→ ASSIGNMENT: Ignoring every picture, return the lines of the listing below word for word, from the line that holds "Phong độ đội bóng Tây Ban Nha vs Bắc Ireland" through the line that holds "The modern and".

━━━━━ EXTRACTED ENTRIES

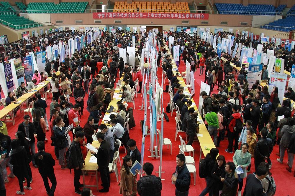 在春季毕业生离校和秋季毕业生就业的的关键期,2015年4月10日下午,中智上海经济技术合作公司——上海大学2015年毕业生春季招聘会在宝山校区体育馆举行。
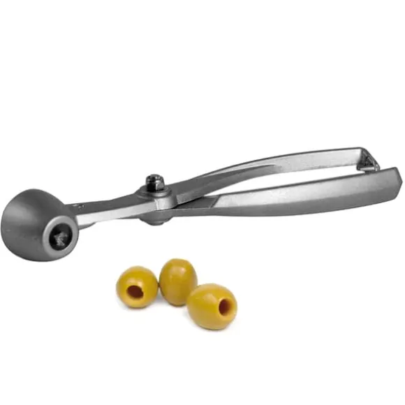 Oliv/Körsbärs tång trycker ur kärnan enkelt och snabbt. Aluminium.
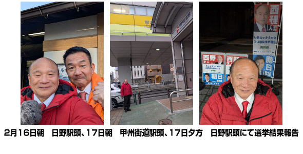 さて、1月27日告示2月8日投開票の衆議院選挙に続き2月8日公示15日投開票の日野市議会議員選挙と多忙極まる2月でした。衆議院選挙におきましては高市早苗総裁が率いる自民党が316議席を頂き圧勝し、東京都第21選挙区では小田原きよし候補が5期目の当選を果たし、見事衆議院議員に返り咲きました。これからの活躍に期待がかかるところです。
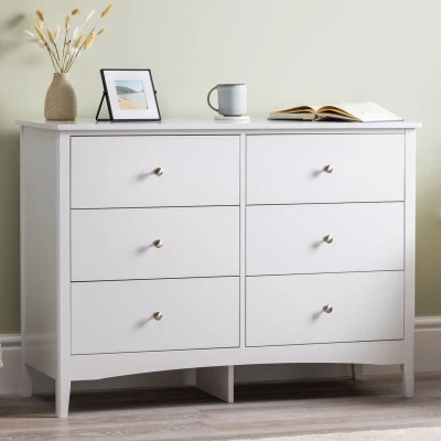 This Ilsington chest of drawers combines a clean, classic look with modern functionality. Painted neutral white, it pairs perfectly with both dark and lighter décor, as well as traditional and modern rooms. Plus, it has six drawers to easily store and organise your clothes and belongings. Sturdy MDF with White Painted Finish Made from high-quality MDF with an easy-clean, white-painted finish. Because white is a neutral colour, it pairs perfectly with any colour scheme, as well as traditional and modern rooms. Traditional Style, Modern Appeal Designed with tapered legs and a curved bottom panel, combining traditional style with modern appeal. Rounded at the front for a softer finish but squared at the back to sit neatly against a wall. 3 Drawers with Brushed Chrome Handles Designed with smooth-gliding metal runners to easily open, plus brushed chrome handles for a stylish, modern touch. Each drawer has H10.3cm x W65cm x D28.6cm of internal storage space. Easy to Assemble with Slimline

━━━━━━━━━━
━━━━━ EXTRACTED ENTRIES

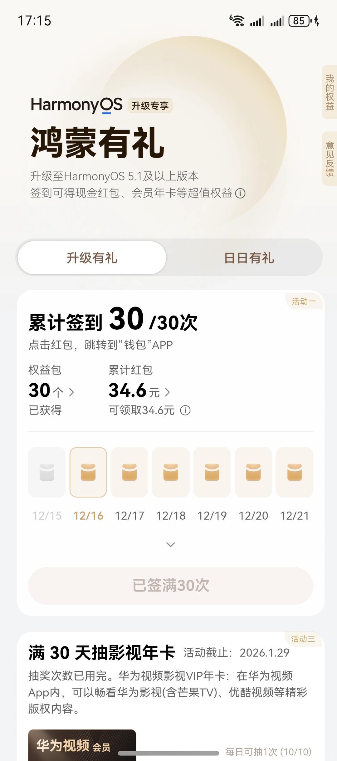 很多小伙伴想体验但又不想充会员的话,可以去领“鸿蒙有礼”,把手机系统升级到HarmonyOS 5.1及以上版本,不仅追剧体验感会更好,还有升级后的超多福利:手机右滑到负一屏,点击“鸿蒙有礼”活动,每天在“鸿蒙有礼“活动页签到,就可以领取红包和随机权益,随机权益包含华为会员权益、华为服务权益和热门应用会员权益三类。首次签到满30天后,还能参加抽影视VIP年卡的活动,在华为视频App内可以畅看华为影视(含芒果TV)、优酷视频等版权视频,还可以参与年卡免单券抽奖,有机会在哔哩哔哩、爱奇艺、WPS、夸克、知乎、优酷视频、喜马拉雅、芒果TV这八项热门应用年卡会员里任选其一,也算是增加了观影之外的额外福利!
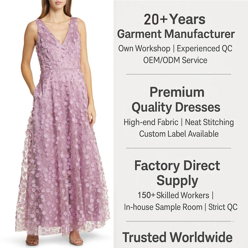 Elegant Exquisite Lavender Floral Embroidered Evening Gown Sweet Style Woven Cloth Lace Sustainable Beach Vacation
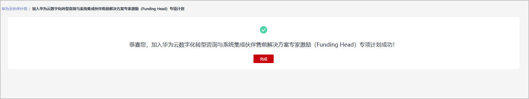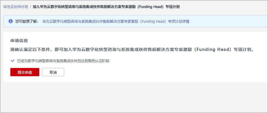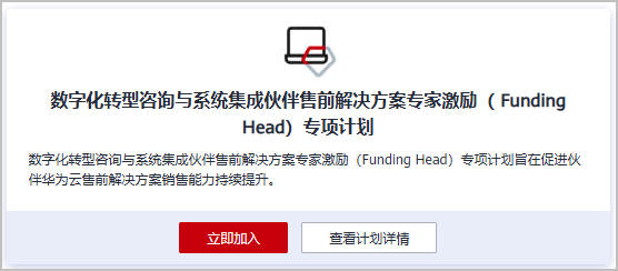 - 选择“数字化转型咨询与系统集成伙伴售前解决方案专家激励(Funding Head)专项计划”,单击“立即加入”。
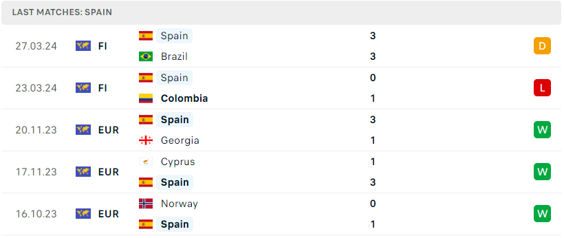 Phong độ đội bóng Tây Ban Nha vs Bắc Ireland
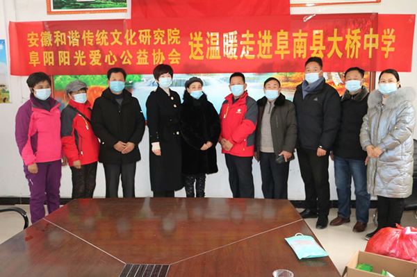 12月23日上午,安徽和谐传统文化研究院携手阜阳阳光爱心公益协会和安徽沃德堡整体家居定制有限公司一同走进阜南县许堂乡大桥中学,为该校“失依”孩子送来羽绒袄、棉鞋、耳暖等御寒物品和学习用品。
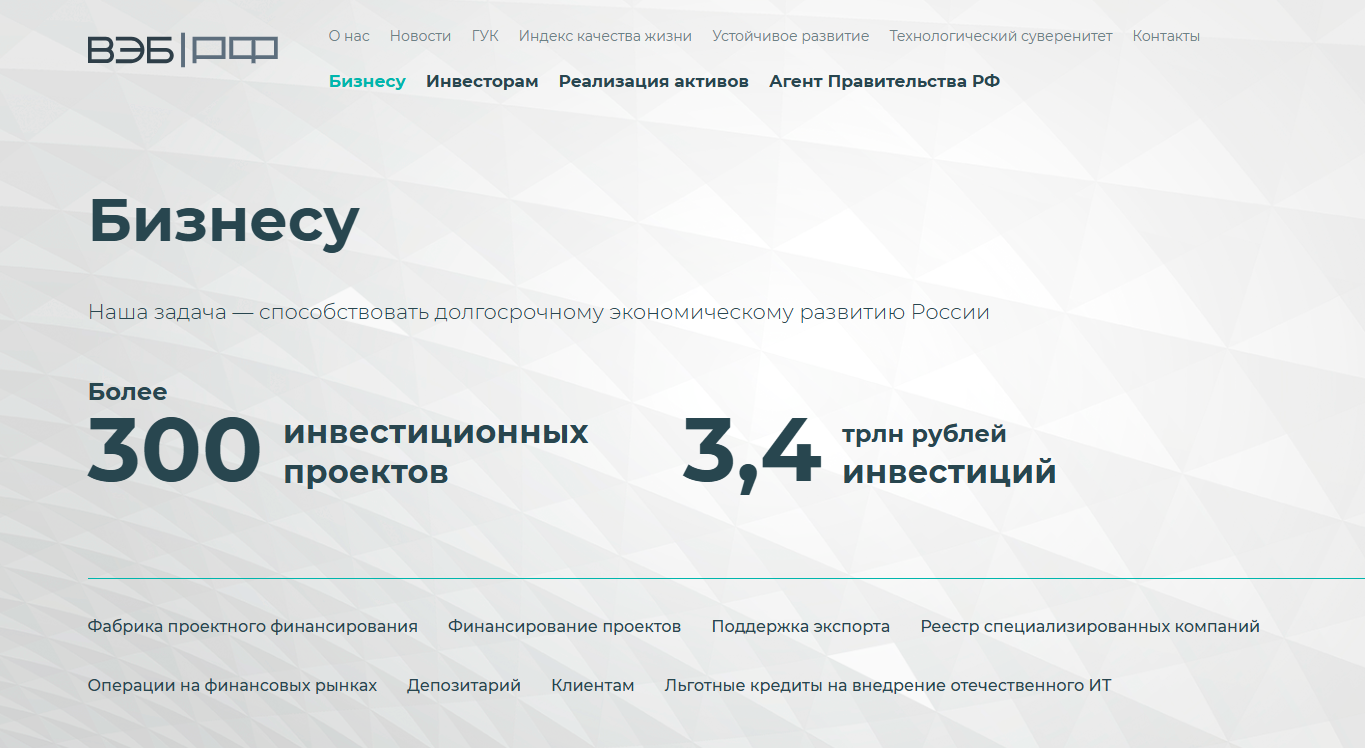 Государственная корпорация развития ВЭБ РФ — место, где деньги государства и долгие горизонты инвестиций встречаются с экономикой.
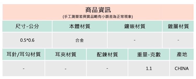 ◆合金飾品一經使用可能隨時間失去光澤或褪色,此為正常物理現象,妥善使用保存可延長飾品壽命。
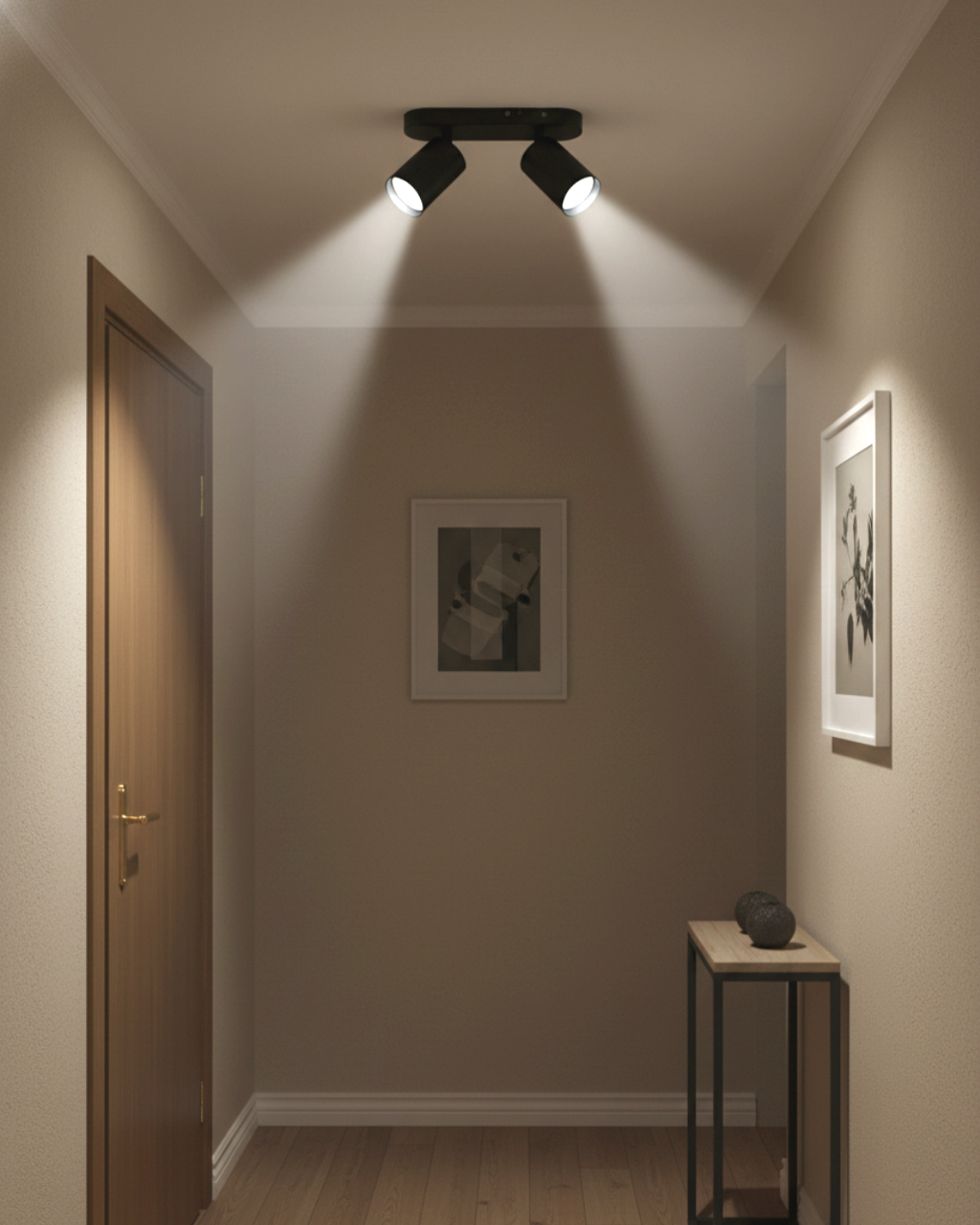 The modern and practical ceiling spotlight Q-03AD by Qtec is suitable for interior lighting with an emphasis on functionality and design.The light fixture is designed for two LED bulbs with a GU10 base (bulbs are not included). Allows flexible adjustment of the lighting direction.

━━━━━━━━━━
━━━━━ EXTRACTED ENTRIES

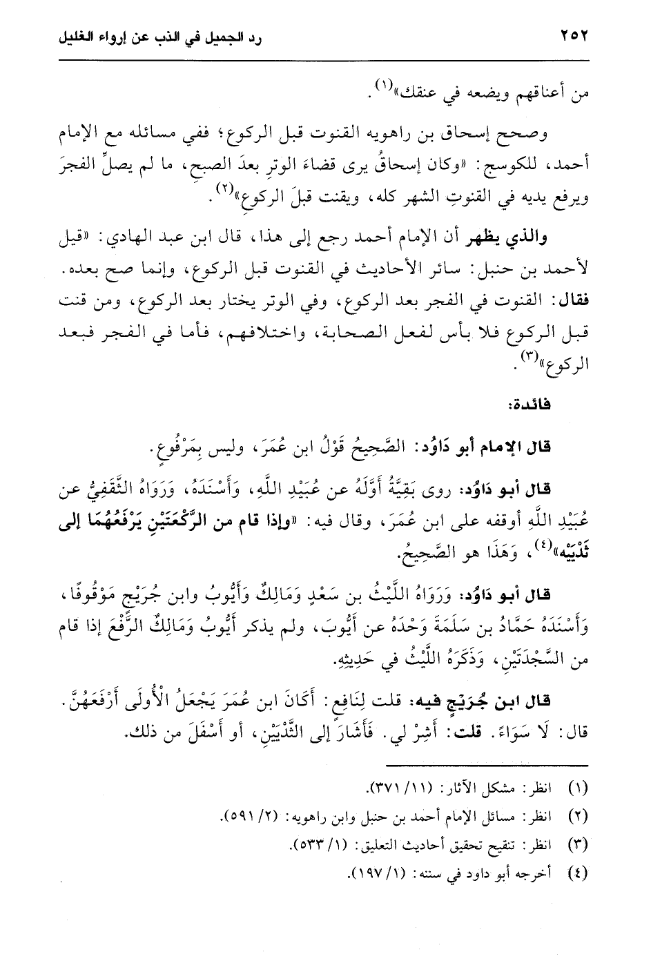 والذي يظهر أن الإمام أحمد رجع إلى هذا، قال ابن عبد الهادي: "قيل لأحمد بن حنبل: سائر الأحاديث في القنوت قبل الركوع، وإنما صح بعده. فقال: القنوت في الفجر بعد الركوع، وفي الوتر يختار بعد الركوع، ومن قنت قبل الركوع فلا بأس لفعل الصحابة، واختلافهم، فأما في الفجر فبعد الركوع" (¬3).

━━━━━━━━━━

→ ANSWER SPACE:
 Phong độ đội bóng Tây Ban Nha vs Bắc Ireland
 12月23日上午,安徽和谐传统文化研究院携手阜阳阳光爱心公益协会和安徽沃德堡整体家居定制有限公司一同走进阜南县许堂乡大桥中学,为该校“失依”孩子送来羽绒袄、棉鞋、耳暖等御寒物品和学习用品。
 Государственная корпорация развития ВЭБ РФ — место, где деньги государства и долгие горизонты инвестиций встречаются с экономикой.
 ◆合金飾品一經使用可能隨時間失去光澤或褪色,此為正常物理現象,妥善使用保存可延長飾品壽命。
 The modern and practical ceiling spotlight Q-03AD by Qtec is suitable for interior lighting with an emphasis on functionality and design.The light fixture is designed for two LED bulbs with a GU10 base (bulbs are not included). Allows flexible adjustment of the lighting direction.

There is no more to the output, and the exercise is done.